● **EXERCISE**: In the entries that follow, the line with "Autorizatia de construire" opens the range and the line with "为全面提升团干部的综合素养与" closes it; repeat that range exactly, both lines included.

● **SUPPLIED DATA**:
:::
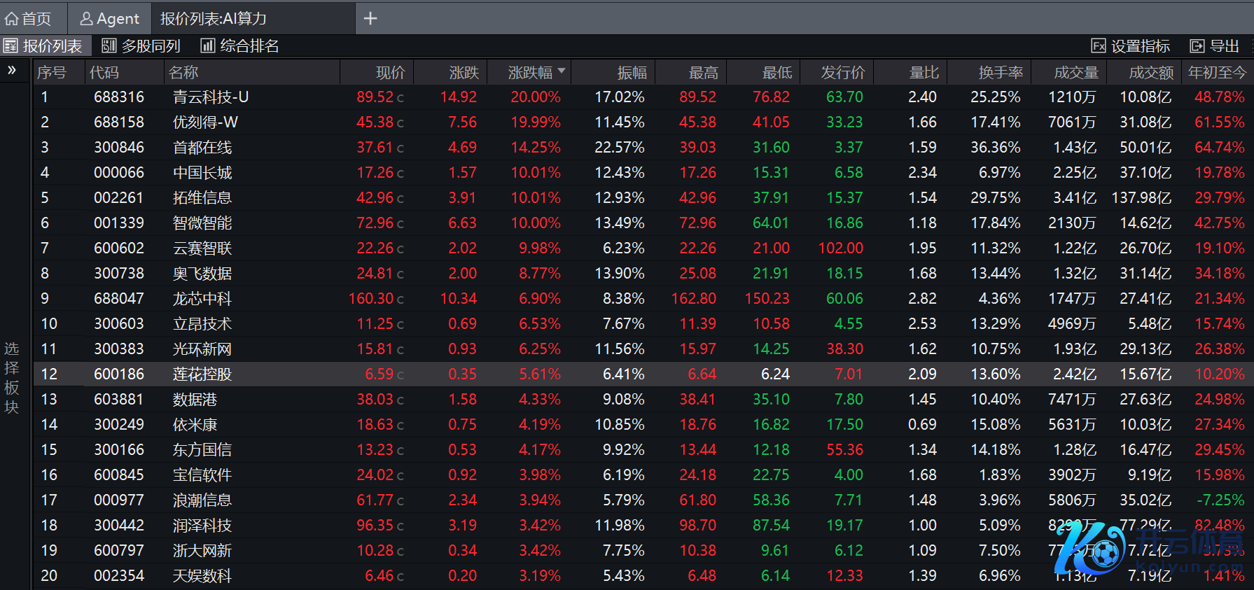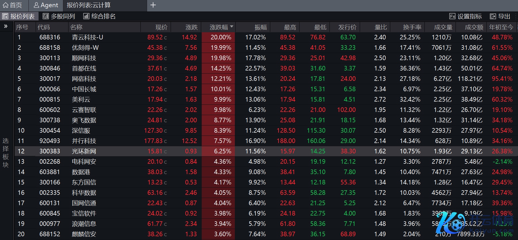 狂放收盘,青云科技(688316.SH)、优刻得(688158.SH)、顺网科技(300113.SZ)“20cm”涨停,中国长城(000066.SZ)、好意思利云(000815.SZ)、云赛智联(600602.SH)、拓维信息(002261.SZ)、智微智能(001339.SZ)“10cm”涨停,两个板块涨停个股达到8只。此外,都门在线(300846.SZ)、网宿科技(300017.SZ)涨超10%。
:::
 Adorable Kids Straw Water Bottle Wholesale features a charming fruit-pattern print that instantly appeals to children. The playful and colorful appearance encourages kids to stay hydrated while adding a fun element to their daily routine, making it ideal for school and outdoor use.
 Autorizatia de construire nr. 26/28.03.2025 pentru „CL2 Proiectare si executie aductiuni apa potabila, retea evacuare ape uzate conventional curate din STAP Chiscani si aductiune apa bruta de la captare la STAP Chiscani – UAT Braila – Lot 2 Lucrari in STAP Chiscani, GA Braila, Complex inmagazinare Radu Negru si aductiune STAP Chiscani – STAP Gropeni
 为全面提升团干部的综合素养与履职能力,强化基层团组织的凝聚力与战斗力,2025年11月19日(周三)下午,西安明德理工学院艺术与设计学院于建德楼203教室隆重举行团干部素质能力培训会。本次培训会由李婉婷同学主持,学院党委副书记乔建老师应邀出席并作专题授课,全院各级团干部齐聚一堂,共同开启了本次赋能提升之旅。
:::
● **OUTPUT FOR THIS EXERCISE**:
 Autorizatia de construire nr. 26/28.03.2025 pentru „CL2 Proiectare si executie aductiuni apa potabila, retea evacuare ape uzate conventional curate din STAP Chiscani si aductiune apa bruta de la captare la STAP Chiscani – UAT Braila – Lot 2 Lucrari in STAP Chiscani, GA Braila, Complex inmagazinare Radu Negru si aductiune STAP Chiscani – STAP Gropeni
 为全面提升团干部的综合素养与履职能力,强化基层团组织的凝聚力与战斗力,2025年11月19日(周三)下午,西安明德理工学院艺术与设计学院于建德楼203教室隆重举行团干部素质能力培训会。本次培训会由李婉婷同学主持,学院党委副书记乔建老师应邀出席并作专题授课,全院各级团干部齐聚一堂,共同开启了本次赋能提升之旅。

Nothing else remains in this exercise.